Unequivocally Ambiguous

Humorous Stories on Parenting, Culture and Life

The phantom limb sensation of a $100 bill I’ve never owned

by | Oct 12, 2023 | Life | 0 comments

“People don’t really want to be rich,” I told myself as I looked around the empty conference room of this Sheraton in San Diego’s Seaport Village.
It didn’t matter to me.
My mom and I were excited for the seminar to begin.
We waited for the speaker to take center stage, and with every minute that passed, we felt our wallets grow fatter like a phantom limb sensation but in reverse. Our commitment to the ever-providing universe was filling our wallets with money we never had - spiritually at first, of course.
We didn’t need to say it out loud.
This was why we moved to the United States , to learn the secrets of the rich cheaply sold by these generous and trustworthy organizations.
Some Republicans want to build a wall to stop the constant immigration influx. To them, I say, drop pamphlets filled with these secrets over gang-plagued, poverty-stricken areas and watch how quickly immigration concerns become a policy contention of the past.
The speaker finally took the stage.
He wasn’t dressed in a way that made an impression on me.
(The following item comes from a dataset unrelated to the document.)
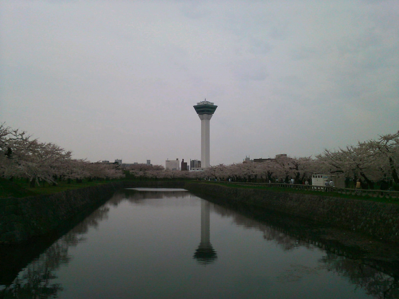函館の五稜郭公園の桜と五稜郭タワーです。

After presenting himself, he addressed this issue by saying that “wealthy people don’t dress up.”
This tip resonated with the audience because we didn’t dress up, except for my mom, who always dresses up.
The speaker pulled his worn-out brown leather wallet out of his jacket. The wallet was so thick with bills that it looked like it had eaten other wallets for breakfast before getting on the road with the speaker to come to this presentation.
From it, the speaker pulled a $100 bill.
It was impressive.
I would later have more than one of those in my hand after discovering the wonders of paycheck advances, but at that exact moment, I had never had an entire $100 bill in my pocket.
He made a show of telling us the wallet was loaded with other similar denomination bills. From where I was standing, it was hard to see whether the bills were real bills, monopoly bills, or dimensionally accurate newspaper cutouts made to resemble bills.
I couldn’t dwell on that.
When someone tells me they can make me rich, I ignore all red flags.
The speaker raised the bill and asked us if we wanted it.
We knew we had to be excited about craving money to be rich, so we responded with a resounding “Yes!” that shook the walls of the entire hotel.
The speaker dropped the bill on the floor and asked if we still wanted it. We still wanted it, so we said yes, understanding this was a lesson on money’s intrinsic value.
It didn’t matter how much you demean money; money was money regardless of where it had been or the emotional abuse it had to sustain.
The speaker picked the bill up and crumbled it. He asked again if we wanted the bill, to which we responded again that we did.
He did magic tricks with it, and we said we wanted it.
He made farting sounds with it, and we said we wanted it.
He licked Franklin’s face, and we said we wanted it.
He made ‘your-mom-is-so-fat’ jokes to the bill, and we said we wanted it.
He went through six more iterations of this exercise. Honestly, at this point, it felt like he was just bragging he had a $100 bill to his name.
I saw one of the participants standing up.
I thought this person was leaving because this exercise was becoming repetitive. I was with him - ten more variations, and I might’ve started thinking about going, too.
But this participant didn’t walk away from the stage but towards it.
He was probably going to check if the speaker was in physiological distress or was going to slap him silly out of the trance.
Instead, he pulled the $100 bill out of the speaker’s hand.
My co-audience member had enough of the charades, and pulling the $100 bill out of the speaker’s hand was his way of saying, “It’s time to move on, Buster. I paid $500 to be here, and I’m done with this.”
But then the speaker said in his booming voice, “There you go, the only person who really wanted the $100 bill.”
“He was the only one that came to get it,” the speaker admonished us, “Now ask yourself why you kept saying you wanted the bill, but you didn’t come for it.”
The exercise proved that, more often than not, human beings are decent. We don’t get up and take money away from people’s hands. We come up with elaborate ruses to do so.
In the audience’s mind, the speaker had established that poor people say things they don’t mean. This was a crucial point because next up the menu were two things he needed people to do.
He needed people to get on the phone with their credit card companies while on the seminar and expand their credit limits. Then, use such credit limit to buy the next course on the ladder–the $10,000 golden platinum best-of-the-line course.
This was the course where they would share the secrets of how to time the market, any market: the real estate market, the futures markets, the Dauchsand’s race market.
That was the real deal.
If rich people knew they were giving these secrets away, there would be hell to pay.
These short introductory seminars were just hors d’oeuvres, an amuse-bouche to amuse our poor people’s mouths. And the next course was the gold caviar reserved only for the ones truly committed to letting the universe make them rich.
Unfortunately, that was the end of the road for me.
I was going to community college and working two jobs to stay afloat, and my mom’s credit card didn’t have that much credit yet.
I would have to wait to pay this benevolent community to tell me what to do with my money.